Let S be a rotation through angle 2*Pi/p , and let A0
be any point not
on the axis of S . Then the points
Ai = A0^(S^i), i = ...,-2,-1,0,1,2,...
are the vertices of a regular polygon {p} , whose sides are the segments
A0A1, A1A2, A2A3,... But the polygon can be closed
without p being integral; it is merely necessary that the period of
S be finite, i.e., that p be rational.
When the rational number p is expressed as a fraction
in its lowest terms,
we denote its numerator and denominator by np and dp .
Thus p =np/dp where np and dp are coprime.
The regular polygon
{p} is traced out by a moving point which continuously describes equal
chords of a fixed circle and returns to its original position after
describing np chords and making dp revolutions about the center.
The following exhibites some instances of {p} 's:
The general regular polygon {p} can be derived from the convex polygon
{np} by either one of two reciprocal processes:
stellating and faceting.
In order to stellate a polyhedron, we have to extend its faces symmetrically
until they again form a polyhedron.
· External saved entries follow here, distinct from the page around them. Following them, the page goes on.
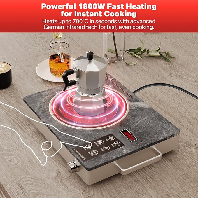- 【PRECISE & FLEXIBILITY COOKING】Equipped with 18 adjustable power and temp levels, the rotary knob control lets you fine-tune every dish—more natural than touch-control hotplate. The built-in timer ranges from 1 minute to 3 hours, making the portable infrared cooker perfect for both quick meals and long simmers.
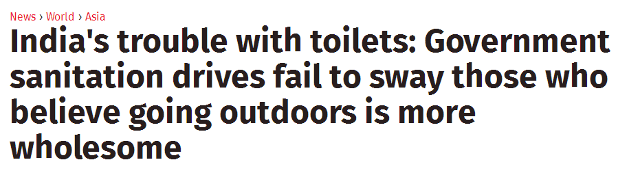《华盛顿邮报》也曾报道过印度人在上厕所方面的习惯和问题。
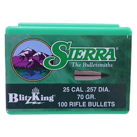 The 25 caliber 70 (flat base) & 90 (boat tail) grain BlitzKing bullets were created to fill the demand for the longer range varmint crowd taking over where Sierra’s current .20-6mm BlitzKings leave off.
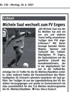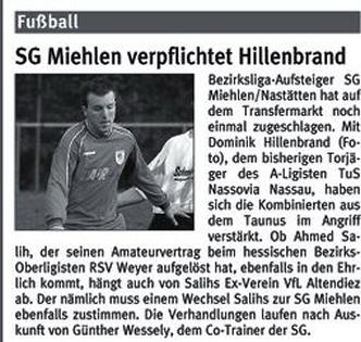Neue für die SG Miehlen/N. Bezirksliga-Aufsteiger SG Miehlen/Nastätten hat für die kommende Runde aufgerüstet: Neben den beiden Eisbachtalern Zoran Juranovic und Hassan Harmouch hat Trainer Walter Reitz auch den zuletzt vereinslosen Routinier Marinko Valentic und Marc Klasen (SG Hambuch/Kaifenheim) und Manuel Reinhard (FSV Welterod) verpflichtet. Aus dem eigenen Nachwuchs rücken Waldemar Hass, Steffen Schmidt und Sven Flemming in den Senioren-kader auf. Verlassen haben die Kombinierten Jan Lentzen (FSV Welterod) und Rüdiger Graden, der künftig seine Tore für TuS Koblenz II schießen wird. Seine aktive Laufbahn beendet hat dagegen Markus Müller. (stn) Rhein-Lahn-Zeitung - Ausgabe Bad Ems, Lahnstein vom 13.07.2006, Seite 27. |
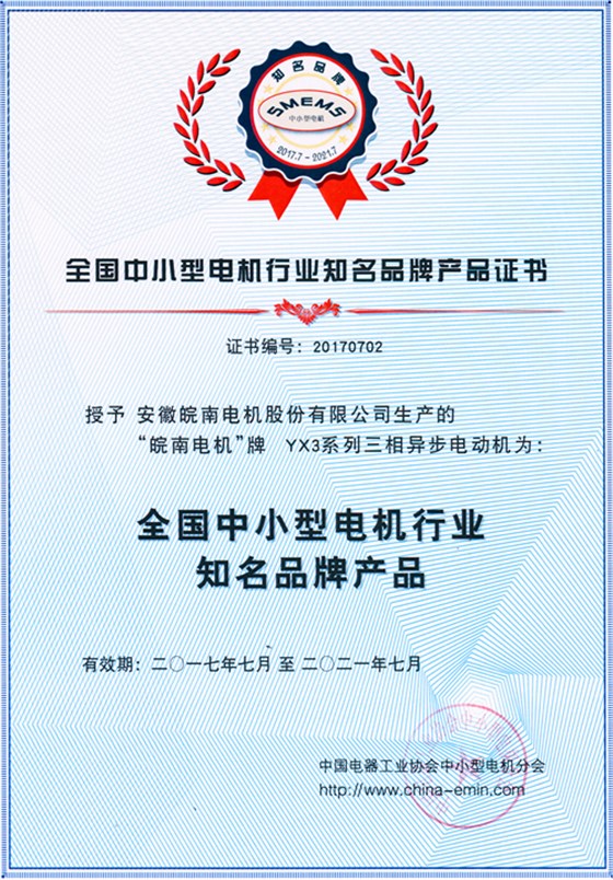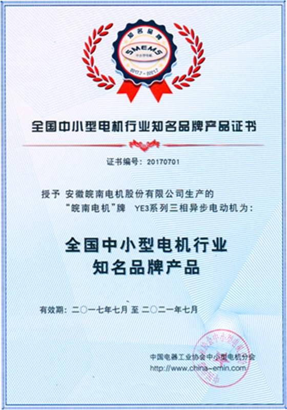 會上,皖南電機被授予“全國中小型電機行業(yè)知名品牌產品”和“中小型電機分會工作先進單位”稱號,并分別頒發(fā)了榮譽證書。

To investigate all possibilities,
we consider the set of lines in which the plane of a particular face
would be cut by all the other faces (sufficiently extended), and try to select
regular polygons bounded by set of these lines.
For a given star-polyhedron or compound, the core is the largest
convex solid that can be drawn inside it. And the compound or
star-polyhedron may be constructed by stellating its core (which has
the same face planes).
Maple currently supports stellation of the five Platonic solids,
and the two quasi-regular solids: the cuboctahedron and
the icosidodecahedron . To stellate a given polyhedron, use
the Maple command
stellate(gon,core,n); where gon is the name of the stellated
polyhedron to be created, core the core polyhedron,
and n a non-negative integer.
For the tetrahedron {3,3} and the cube {4,3} , the only
lines are the sides of the face itself. Hence, there is only one
possible value of n , namely 0.
The Core: Tetrahedron VRML |
The Core: Hexahedron VRML |
For the octahedron {3,4} , the eight facial planes enclose
not only the original octahedron, bug also other portions of
space exterior to this octahedron. For a particular face ABC ,
the faces opposite to those which immediately surround
ABC meet the plane in a larger triangle MNP . The eight large
triangles so derived form all the faces form the stella octangula.
Hence, possible values of n are 0, 1.
 The Core: Octahedron VRML |
 The First Stellated Octahedron VRML |
Let us now stellate the dodecahedron {5,3} , and denote one
face as 11111 . By stellating this pentagon we obtain the
pentagram 22222 , which is a face of {5/2,5} .
The large pentagon that has
the same vertices 22222 is a face of {5,5/2} . By stellating
this pentagon we obtain the large pentagram 33333 , which is
a face of {5/2,3} . The process now terminates, since the ten lines
account for all the other faces of {5,3} , the twelfth face being
parallel to 11111 . Hence, possible values of n are 0,1,2,3.
Pattern: #0 |
VRML |
Pattern: #1 |
VRML |
Pattern: #2 |
VRML |
Pattern: #3 |
VRML |
For the case of the icosahedron {3,5} , its stellations are so numerous
and complicated that some care is needed in stateting precisely
what varieties shall be considered properly significant and distinct.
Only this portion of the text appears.